ABT-737 is a novel anti-apoptotic Bcl-2 family protein inhibitor with high affinity to Bcl-2, Bcl-xl and Bcl-w but relatively low affinity to Mcl-1/A1. Therefore, high level Mcl-1 usually confers human tumor cell resistance to ABT-737. At the present study, we observed that Clitocine can induce apoptosis in six tested human colon cancer cell lines accompanied by suppression of Mcl-1. More interestingly, Clitocine significantly enhances the ABT-737-mediated lethality by inducing apoptosis. At the molecular level we determined Mcl-1 is the potential target through which Clitocine can sensitize human colon cancer cells to ABT-737 induced apoptosis. Knocking-down of Mcl-1 is sufficient to increase cancer cell susceptibility to ABT-737 while its over-expression can significantly reverse this susceptibility. We also determined that Clitocine may activate Bak by disrupting the interaction between Mcl-1 and Bak to induce mitochondrial membrane permeabilization.
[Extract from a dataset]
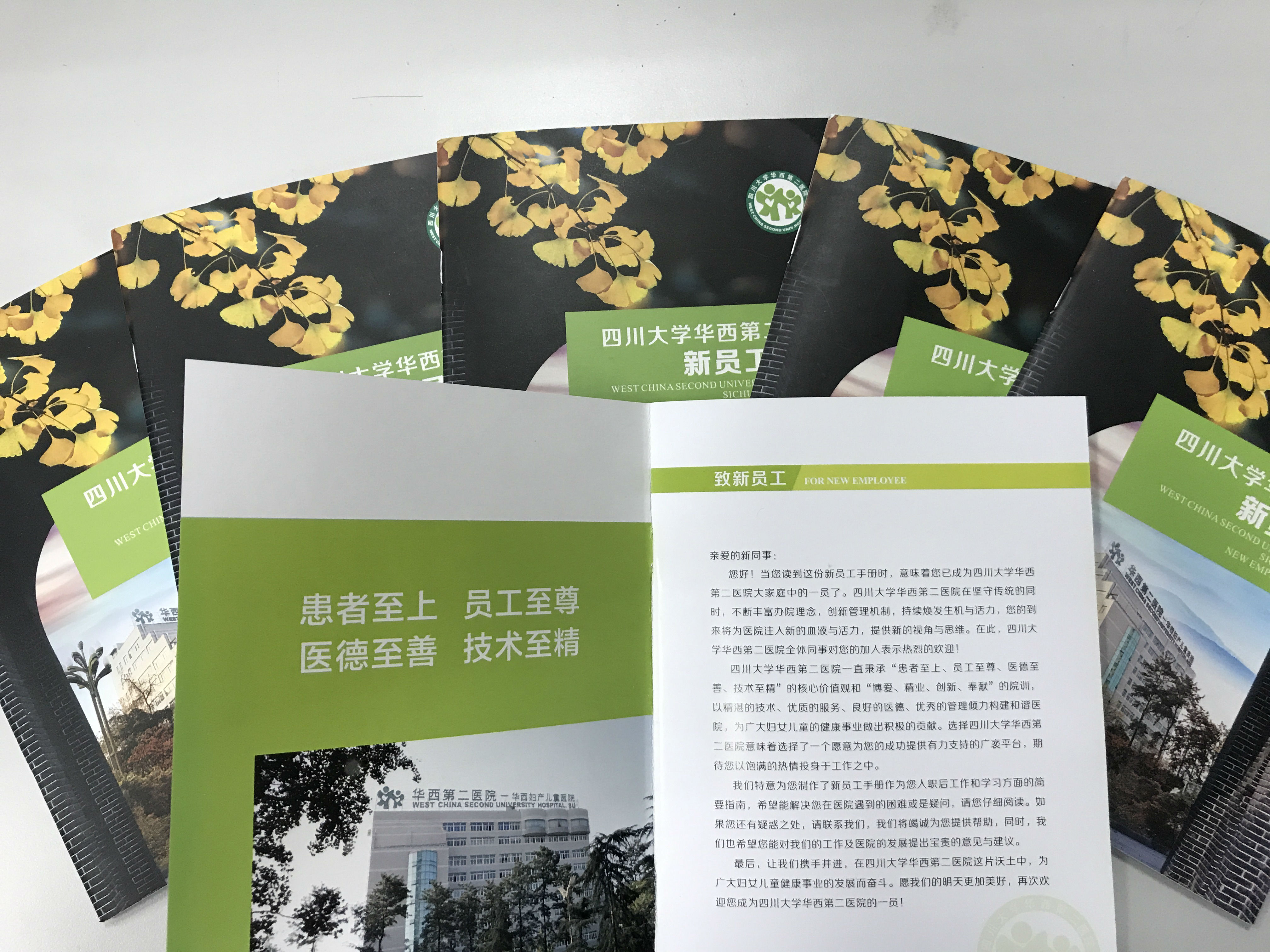 《四川大学华西第二医院新员工手册》印制完成 2017-06-14 14:35:25人力资源部 我部近期印制完成《四川大学华西第二医院新员工手册》,这是我院首次针对新员工编制的入职手册。该手册向新员工介绍了我院基本情况、组织架构及新员工入职、福利、职业发展等方面内容,有助于新员工尽快融入我院氛围,熟悉我院办事流程,顺利在我院启动新一阶段的工作。(人力资源部袁晟)

Furthermore, silence of Bak with the specific siRNA effectively attenuates the apoptosis induction by co-treatment of Clitocine and ABT-737. Finally, Clitocine in combination with ABT-737 significantly suppress the xenograft growth in animal model. Collectively, our studies suggest Clitocine can induce apoptosis and potentiate ABT-737 lethality in human colon cancer cells by disrupting the interaction of Mcl-1 and Bak to trigger apoptosis.
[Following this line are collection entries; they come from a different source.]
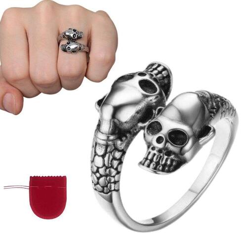 Anel Prateado Caveira Crânio Regulável + Saco Veludo Anel Ajustável você pode apertar ou alargar, caso seja necessário Perfeito para todas as ocasiões, inclusive para presentear, já que não precisa saber exatamente o tamanho pra comprar.Por ser ajustável cabe perfeitamente em qualquer circunferência anelar.Bela peça, acessório imponente, com fino acabamento.Peso líquido: cerca de 7g Acompanha saquinho de veludo.
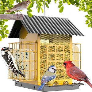 Bird Feeders for Outdoors Hanging, Metal Bird Feeder with Double Suet Cage Cake, Large Capacity, Birdfeeders Sturdy & Weatherproof, Easy to Clean & Refill, Great for Attracting Wild Birds-Yellow
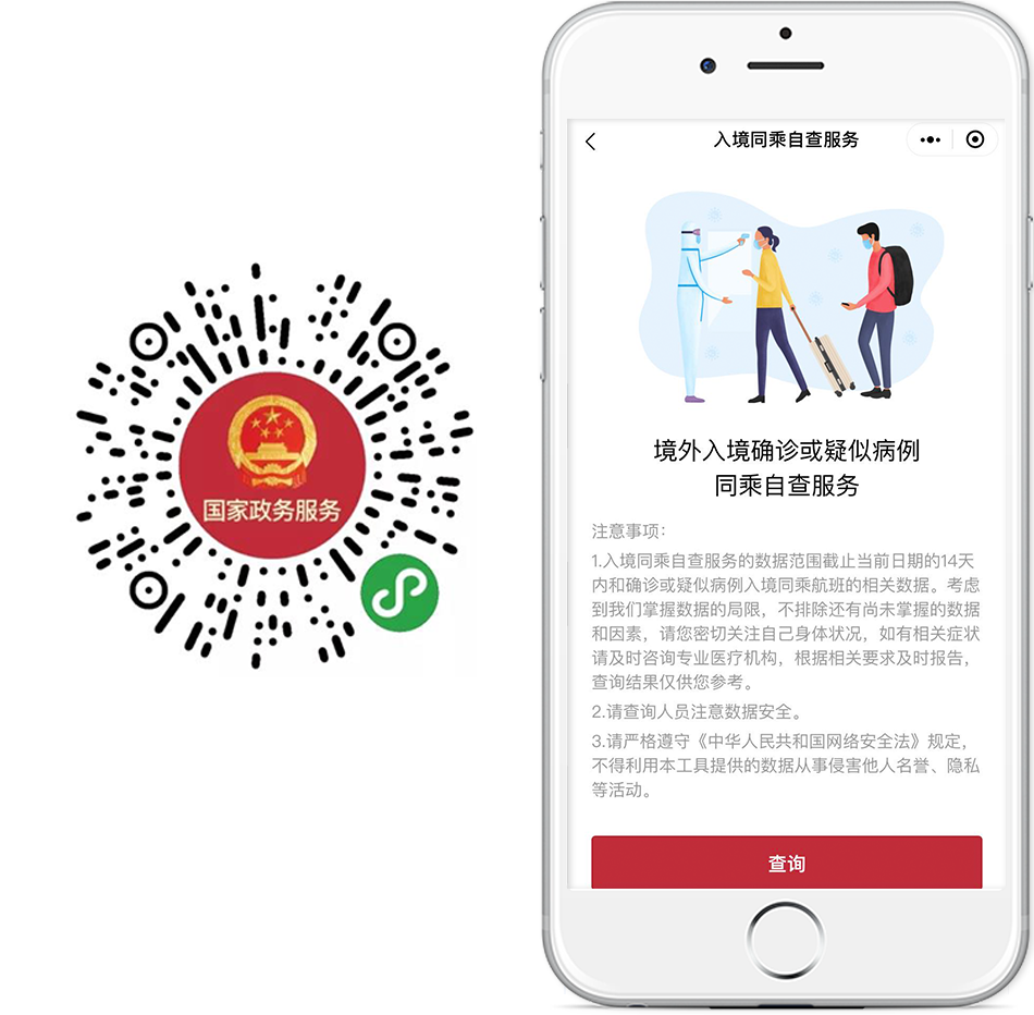 14天內(nèi)入境,同航班是否有確診或疑似患者?中國公民可通過“入境同乘自查服務(wù)”,只需刷臉登錄,可輕松查詢入境時是否與確診或疑似病例同乘同一航班,助您做好風險自查,及時掌握個人健康風險。

Clitocine reversal of P-glycoprotein associated multi-drug resistance through down-regulation of transcription factor NF-κB in R-HepG2 cell line
PLoS One 2012;7(8):e40720.PMID:22927901DOI:10.1371/journal.pone.0040720.
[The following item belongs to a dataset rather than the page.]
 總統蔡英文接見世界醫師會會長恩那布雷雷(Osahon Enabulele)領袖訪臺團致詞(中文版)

Multidrug resistance (MDR) is one of the major reasons for failure in cancer chemotherapy and its suppression may increase the efficacy of therapy. The human multidrug resistance 1 (MDR1) gene encodes the plasma membrane P-glycoprotein (P-gp) that pumps various anti-cancer agents out of the cancer cell. R-HepG2 and MES-SA/Dx5 cells are doxorubicin induced P-gp over-expressed MDR sublines of human hepatocellular carcinoma HepG2 cells and human uterine carcinoma MES-SA cells respectively. Herein, we observed that Clitocine, a natural compound extracted from Leucopaxillus giganteus, presented similar cytotoxicity in multidrug resistant cell lines compared with their parental cell lines and significantly suppressed the expression of P-gp in R-HepG2 and MES-SA/Dx5 cells. Further study showed that the Clitocine increased the sensitivity and intracellular accumulation of doxorubicin in R-HepG2 cells accompanying down-regulated MDR1 mRNA level and promoter activity, indicating the reversal effect of MDR by Clitocine. A 5'-serial truncation analysis of the MDR1 promoter defined a region from position -450 to -193 to be critical for Clitocine suppression of MDR1. Mutation of a consensus NF-κB binding site in the defined region and overexpression of NF-κB p65 could offset the suppression effect of Clitocine on MDR1 promoter. By immunohistochemistry, Clitocine was confirmed to suppress the protein levels of both P-gp and NF-κB p65 in R-HepG2 cells and tumors. Clitocine also inhibited the expression of NF-κB p65 in MES-SA/Dx5. More importantly, Clitocine could suppress the NF-κB activation even in presence of doxorubicin. Taken together; our results suggested that Clitocine could reverse P-gp associated MDR via down-regulation of NF-κB.